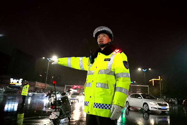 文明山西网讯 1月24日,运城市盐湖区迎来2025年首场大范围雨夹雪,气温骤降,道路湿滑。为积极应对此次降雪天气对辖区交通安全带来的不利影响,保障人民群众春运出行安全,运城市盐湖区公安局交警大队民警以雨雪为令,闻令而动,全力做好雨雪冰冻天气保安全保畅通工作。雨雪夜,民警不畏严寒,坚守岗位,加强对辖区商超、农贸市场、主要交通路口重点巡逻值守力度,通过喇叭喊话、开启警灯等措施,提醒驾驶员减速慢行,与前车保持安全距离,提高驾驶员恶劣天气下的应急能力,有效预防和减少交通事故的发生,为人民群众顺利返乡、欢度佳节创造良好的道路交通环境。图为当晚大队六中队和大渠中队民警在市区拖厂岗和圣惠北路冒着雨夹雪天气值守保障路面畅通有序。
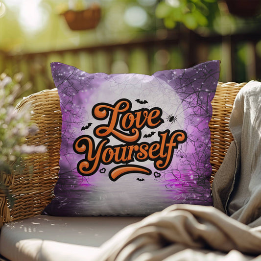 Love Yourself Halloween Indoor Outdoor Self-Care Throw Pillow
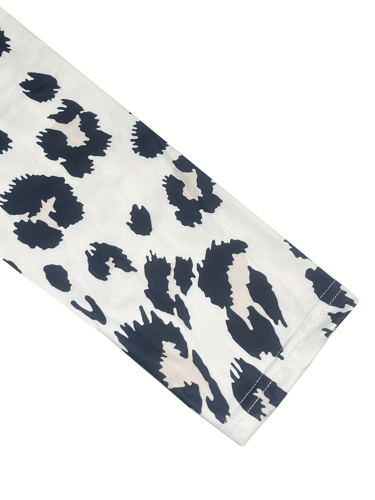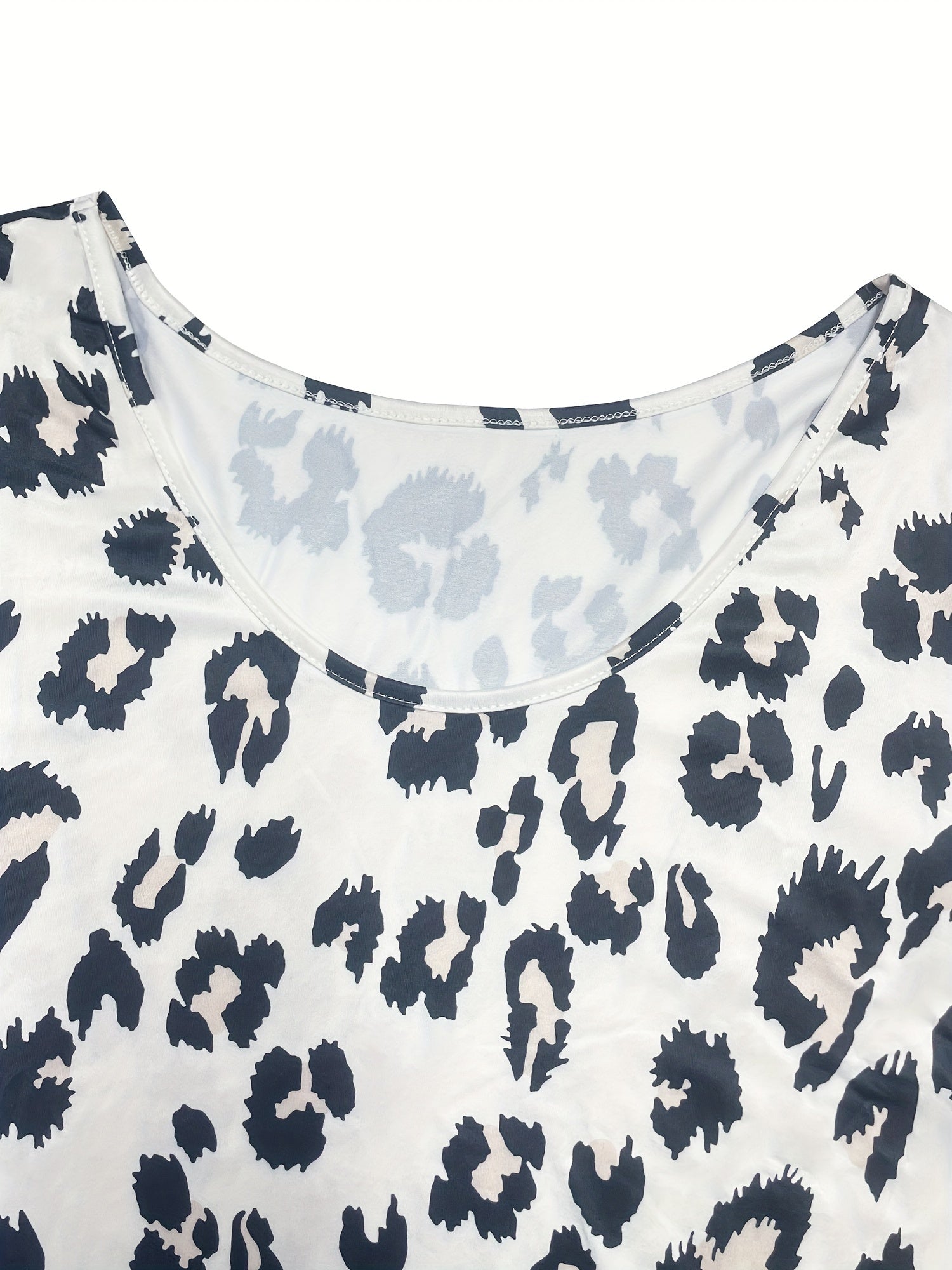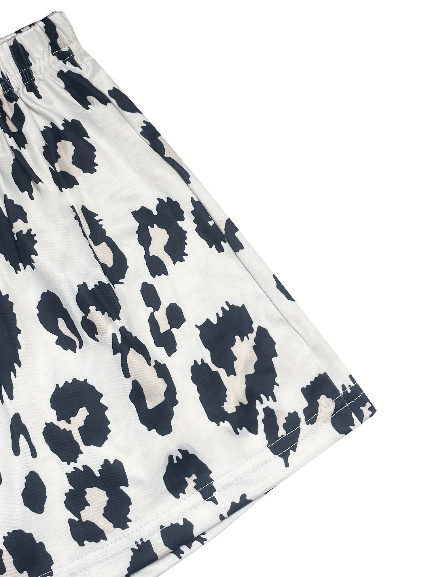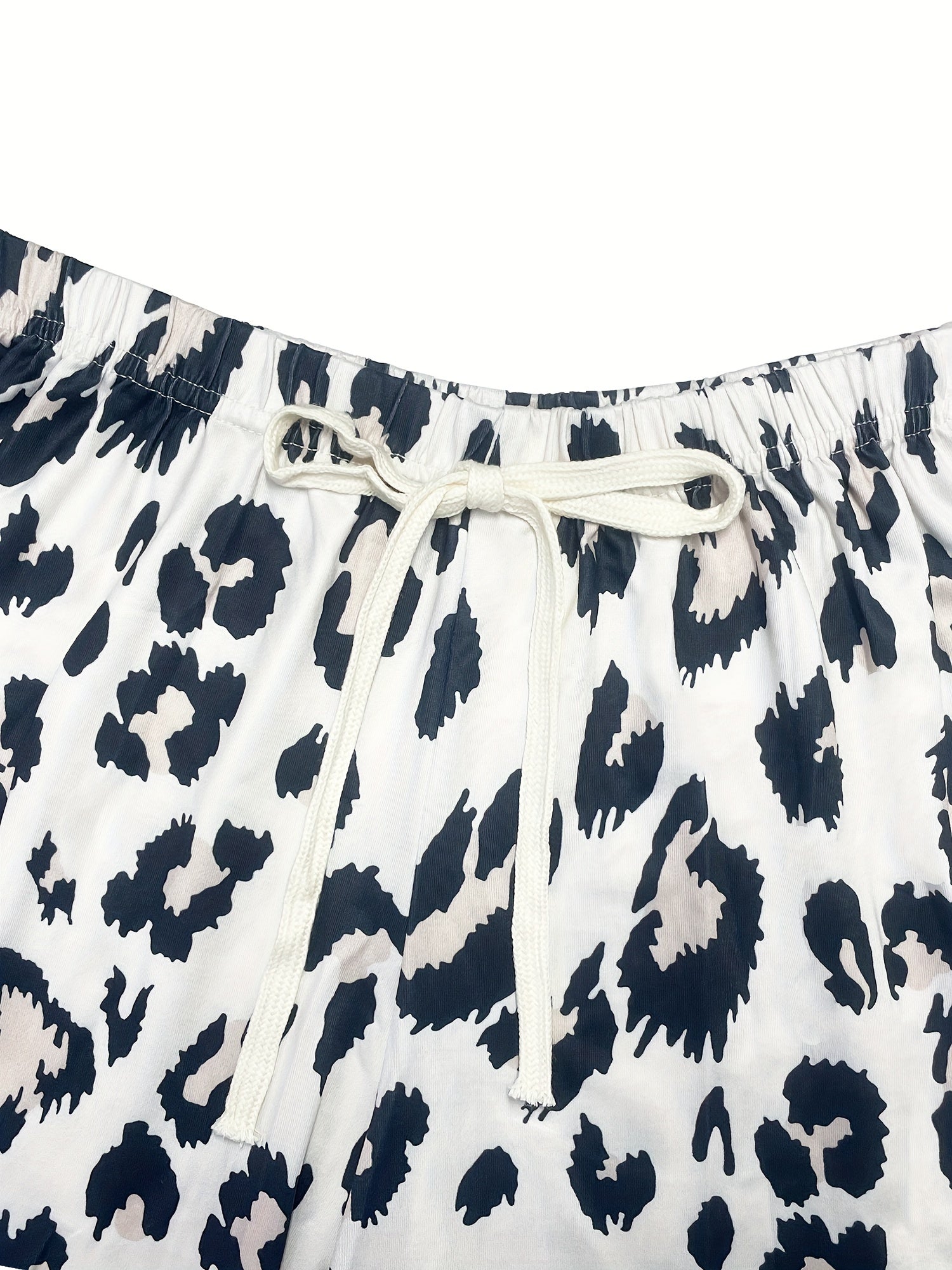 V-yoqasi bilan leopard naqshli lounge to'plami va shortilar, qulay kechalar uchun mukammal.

* * *

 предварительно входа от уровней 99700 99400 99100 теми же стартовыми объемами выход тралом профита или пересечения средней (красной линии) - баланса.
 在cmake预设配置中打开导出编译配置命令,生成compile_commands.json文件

▸ Task statement
Start with the line above that contains "предварительно входа от" and stop after the line that contains "在cmake预设配置中打开导". Output those lines exactly, and only those.

▸ Result for this task
 предварительно входа от уровней 99700 99400 99100 теми же стартовыми объемами выход тралом профита или пересечения средней (красной линии) - баланса.
 在cmake预设配置中打开导出编译配置命令,生成compile_commands.json文件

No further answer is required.